The Hawks predominantly are viewed as a postseason afterthought. It happens when a team with the postseason field’s worst record of 38-44 — the Hawks’ record actually ranked 18th overall, behind even two non-playoff teams in the West — faces one that finished 56-26. Analysts see the Hawks’ recent 19-point win in Indianapolis and their split of the four-game season series as aberration.

“That’s even better,” center Pero Antic said. “We don’t have anything to lose. We just have to show the people that we can play good basketball, team basketball, that we have fun playing together and we can compete throughout the series.”

“We use (the doubts) for motivation,” Elton Brand said. “No one gives a chance. No one gave us a chance the entire season, or at the end. We were losing. We were reeling. But we wanted that playoff slot.”

The Hawks remind me of a conversation I had in Las Vegas with late boxing trainer Emmanuel Steward following the weigh-in for the first Evander Holyfield-Mike Tyson fight. Tyson was an overwhelming favorite, but Steward was balking at placing a wager on the bout.

“Evander’s not a guy you ever bet against and feel comfortable,” he said.

The Hawks don’t scare anybody in April. But they didn’t scare anybody in December or January or March. What they do, they do well: play hard, share the ball, get in your face on defense and find improbable ways to survive.

They obviously have limitations. But Antic poses matchup problems for the Pacers because he’s a big man who can shoot from the outside, which forces the 7-2 Roy Hibbert to leave his relative sanctuary in the paint. Antic averaged 17 points on 72 percent shooting in two games against Indiana, 6.6 points on 40 percent shooting against everybody else.

Players and coaches normally don’t like to give away strategy, but this element is so obvious that Antic didn’t even try to hide it: “Hibbert is used to playing against bigger centers who like to play inside, so I’m going to try to keep him outside as much as possible.”

The Pacers started this season 25-5. They didn’t hit double-digits in losses until they had won 35. But they were wobbly down the stretch, going 10-13, including a 107-88 home loss to the Hawks (trailing 55-23 at halftime).
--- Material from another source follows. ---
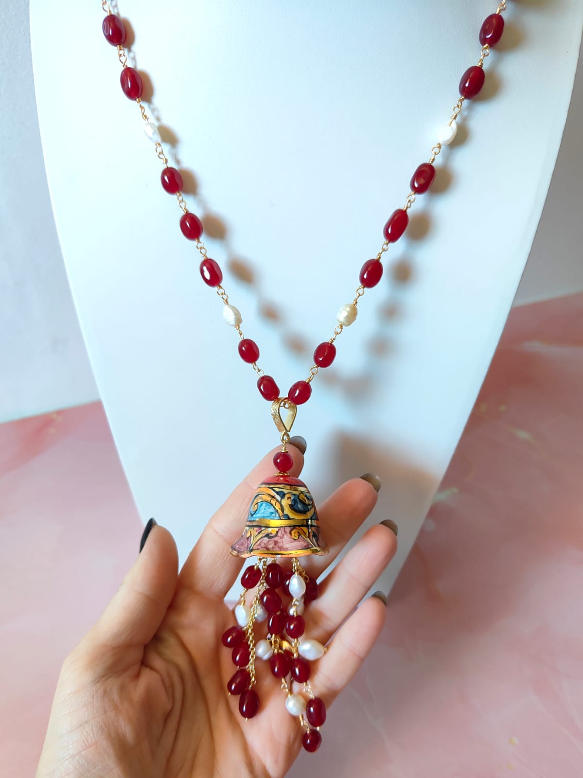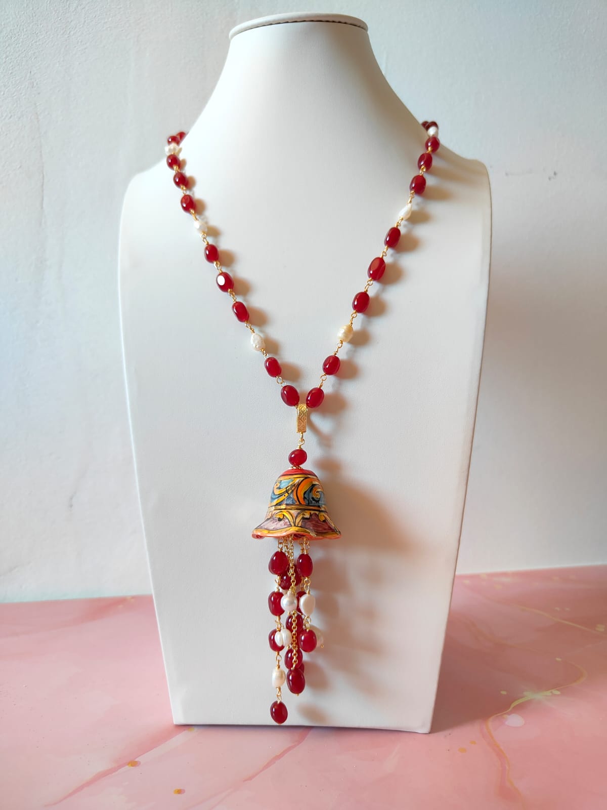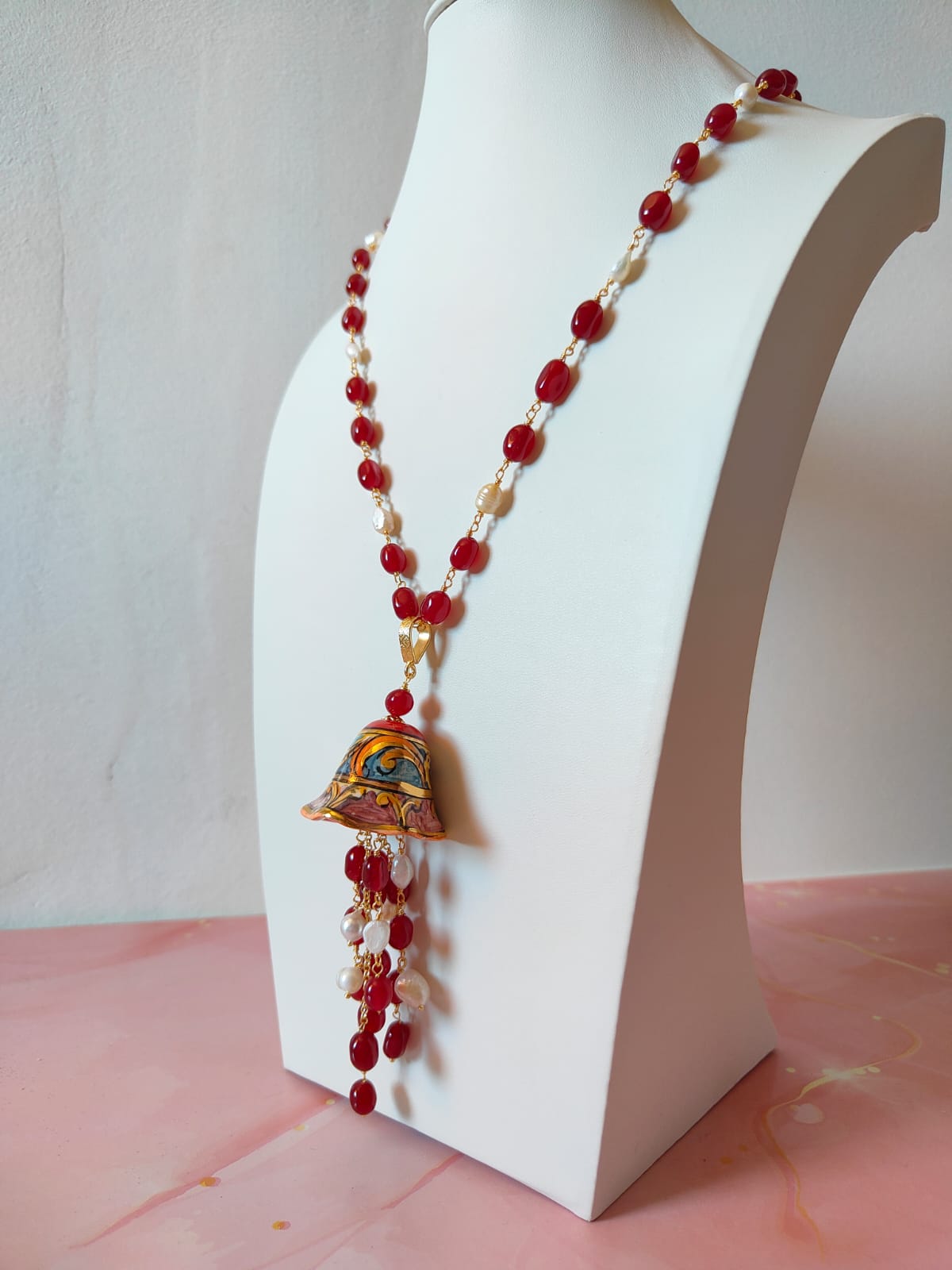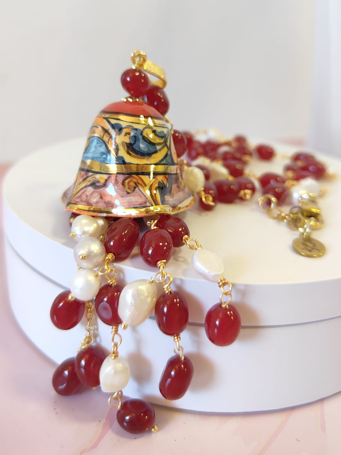 Questa creazione è un pezzo unico: nessun altro esemplare identico esiste, perché ogni campanella è dipinta completamente a mano e ogni perla naturale porta con sé la propria unicità. Indossarla significa scegliere un gioiello con anima, carattere e un richiamo forte alle tradizioni artigianali della Sicilia.

They started show some chemistry problems before the trade deadline. Then a trade that sent Danny Granger to Philadelphia for Evan Turner appeared to backfire. Some have wondered if coach Frank Vogel has lost the locker room. Hibbert called out teammates. Indy suddenly doesn’t project as a team that can knock off Miami.

That’s not the Hawks’ problem.

Brand was part of a Philadelphia team that upset No. 1-seeded Chicago two years ago (contributing factor: Derrick Rose was injured in Game 1).

“The mindset is that even though it’s No. 1 vs. No. 8, we’ve played pretty good against them for stretches,” Brand said. “So we have confidence.”

Enough to probably make Indiana feel uncomfortable.